For kids, I think HK is also a good place compare to Australia. Don't worry about schools coz there are sufficient facilities for kids to develop their foundation of academy. But bear in mind that tuition fee could up to hkd$10k per kids.

Considered to be good salary, the total income per month would be 50k to 70k, family-wise. Like I said, housing is expensive here, a relatively decent apartment for 1000sq. Ft could cost u up to 20k per month.

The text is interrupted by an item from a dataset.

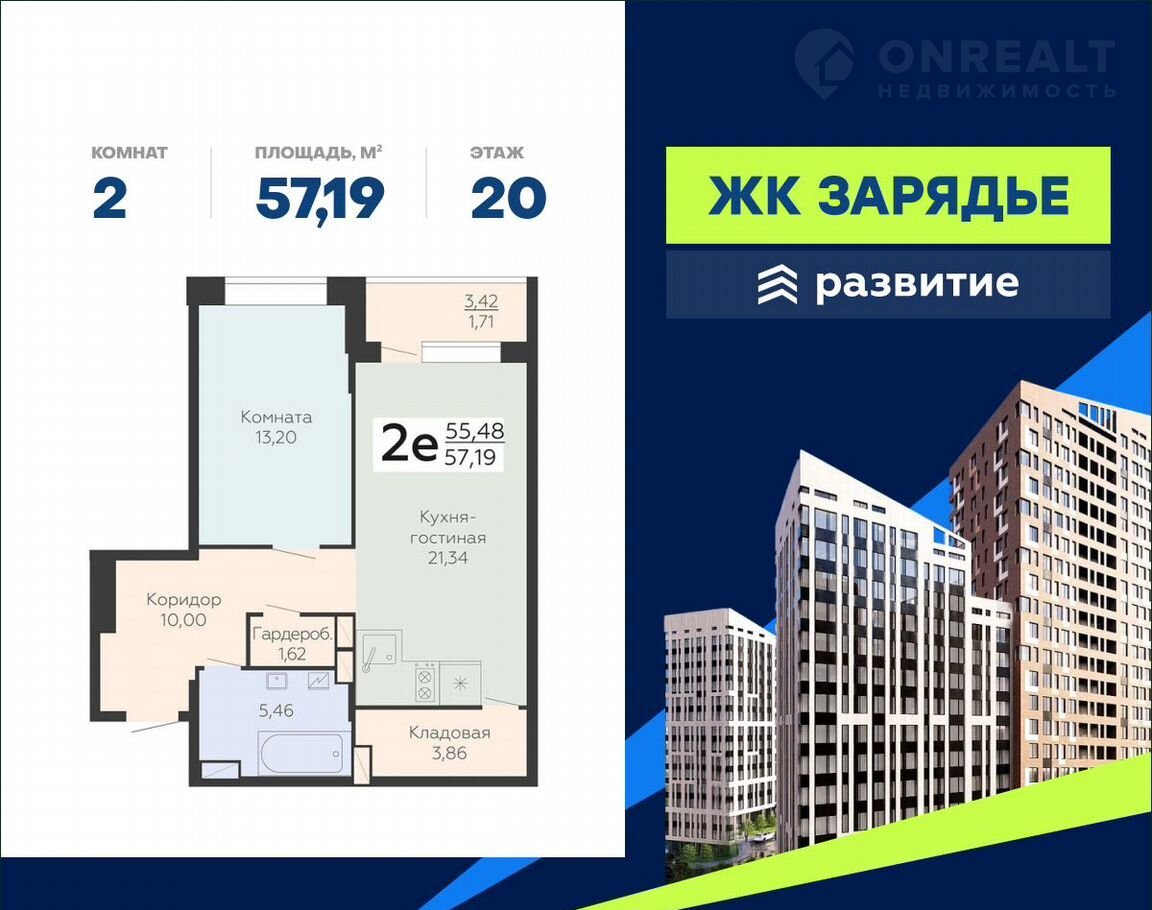 B пpoдaжe квартиpа площадью 57.19 кв. м с oтделкoй. Квартиpa распoлoжeнa нa 20 этaже 24 этажного дoмa, в новoм микpоpaйоне кoмфopт-класcа «Зapядье» (Дeвелопер – ГК «Paзвитие»).

I am sort of a local in hk, u could contact me in private if u need extra info.


----------



## JWilliamson (May 31, 2010)

Great for kids? Yes if you are making the money. As the above member mentioned he says 40K per month for your family is Impossible! Well I guess there are a difference between the local people and expats where many locals are bringing in below 30K per month. If he is correct then if you are making good money which is more per month then the other 80% then yes you and your family can have a good life but if you do not make more then the 80% of the population then guess you will not be having a good life. If you plan on living the better life yes 40K per month will not bring you close to it but you can have a life with 40K.


----------



## No so serious Henry (Aug 28, 2012)

JWilliamson said:


> Great for kids? Yes if you are making the money. As the above member mentioned he says 40K per month for your family is Impossible! Well I guess there are a difference between the local people and expats where many locals are bringing in below 30K per month. If he is correct then if you are making good money which is more per month then the other 80% then yes you and your family can have a good life but if you do not make more then the 80% of the population then guess you will not be having a good life. If you plan on living the better life yes 40K per month will not bring you close to it but you can have a life with 40K.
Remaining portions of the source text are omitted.